¡QUE VIVA LA NAVIDAD!

La historia de Navidad contada a los niños

JESÚS EN EL TEMPLO DE JERUSALÉN

Cuando Jesús cumplió los 12 años, y según las costumbres de su pueblo y de su religión judía, ya era considerado como adulto, podía celebrar las fiestas religiosas con todos los hombres. Entonces fue con María y José a la Ciudad de Jerusalén, para participar allí en la gran fiesta de la Pascua.

La Pascua era la celebración  más importante de los judíos. En ella recordaban cómo Dios los había sacado de Egipto, donde eran tenidos como esclavos.
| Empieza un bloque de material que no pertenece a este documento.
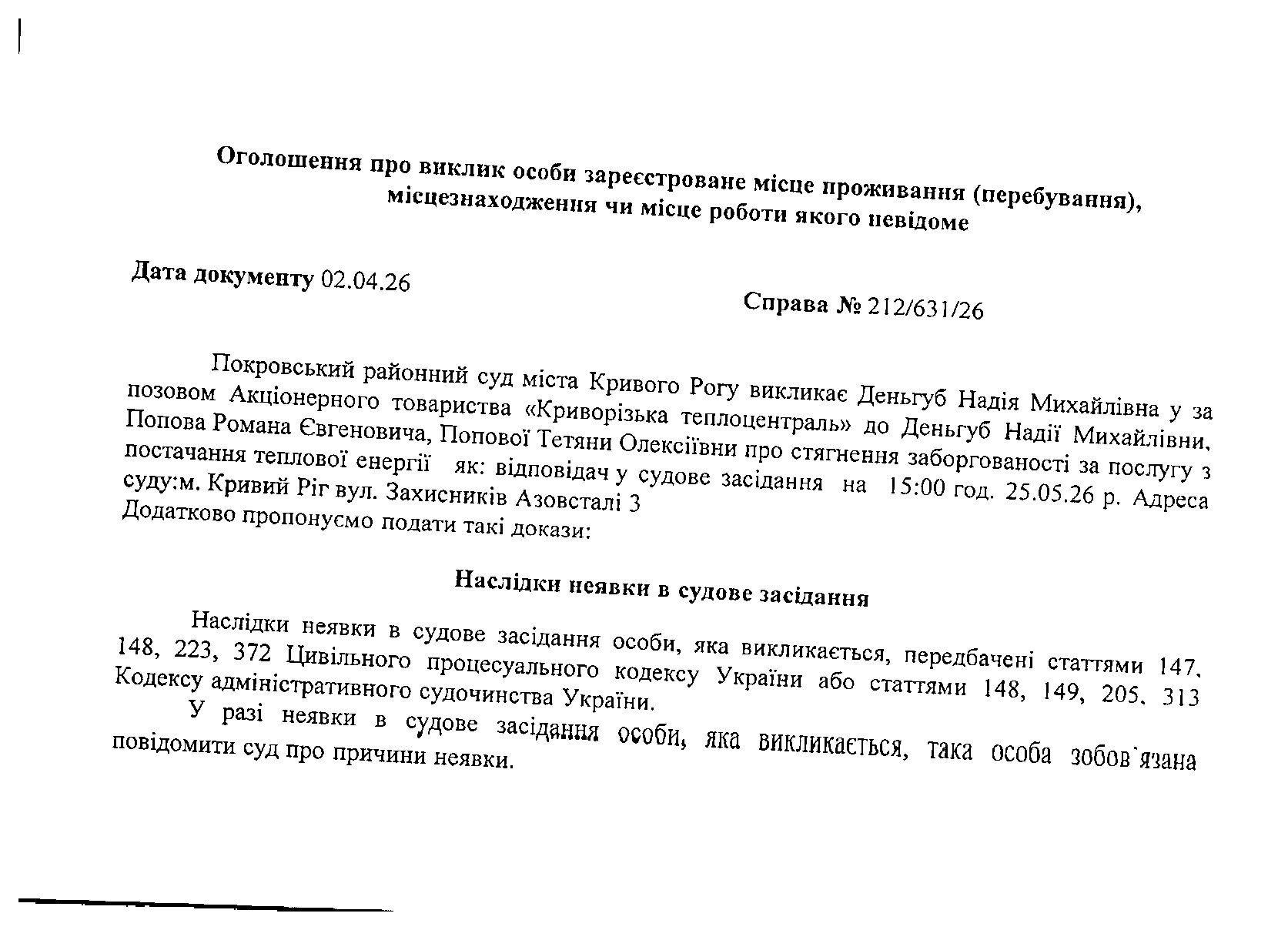 Оголошення про виклик до суду Деньгуб Надії Михайлівни

Cada familia llevaba al Templo un cordero, los sacerdotes lo mataban y ofrecían la sangre a Dios, después regresaban a la casa con el cordero muerto, lo asaban y se lo comían en la Cena Pascual, acompañado con lechugas, con pan y con vino, mientras el papá iba contando a toda la familia, los milagros que Dios había realizado en su favor, para sacarlos de aquel país, con la colaboración de Moisés. A terminar la comida, todos juntos daban gracias a Dios por su gran amor y su infinita  bondad.

En su Evangelio, San Lucas nos cuenta que Jesús celebró con María y José la fiesta de la Pascua, tal y como lo mandaba la ley. Sin embargo, cuando ya estaban de regreso con los demás peregrinos, María y José se dieron cuenta de que Jesús no iba en la caravana con ellos. Entonces muy asustados se devolvieron a buscarlo, y lo encontraron en el Templo, hablando con los maestros de la ley, sobre Dios.

“Y sucedió que al cabo de tres días, lo encontraron en el Templo, sentado en medio de los maestros, escuchándolos y preguntándoles; todos los que lo oían estaban sorprendidos por su inteligencia y por sus respuestas… María le dijo: – Hijo, ¿por qué nos has hecho esto? Mira, tu padre y yo, angustiados, andábamos buscándote. Él les dijo: – Y ¿por qué me buscaban? ¿No sabían que yo debía estar en la casa de mi Padre? Pero ellos no entendieron lo que les había querido decir” (Lucas 2, 46-49).

Después, nos dice el mismo evangelista, Jesús regresó con María y José a Nazaret, y siguió obedeciéndoles en todo, y “crecía en estatura, en sabiduría, y en gracia, delante de Dios y de los hombres” (Lucas 2, 52).

Allí, en Nazaret, Jesús vivió 18 años más, como una persona cualquiera. Trabajaba en el taller de José, ayudaba a la gente en lo que podía, oraba y aprendía cada vez más cosas sobre Dios, a quien amaba como el mejor de los papás, hasta que un día, cuando cumplió 30 años, se despidió de María, y se fue a predicar por todas partes, su Mensaje de Amor. En lo más profundo de su corazón sentía que esta era la misión que Dios Padre le había encomendado y que él tenía que cumplir. Pero otro día hablaremos de esto en otro libro.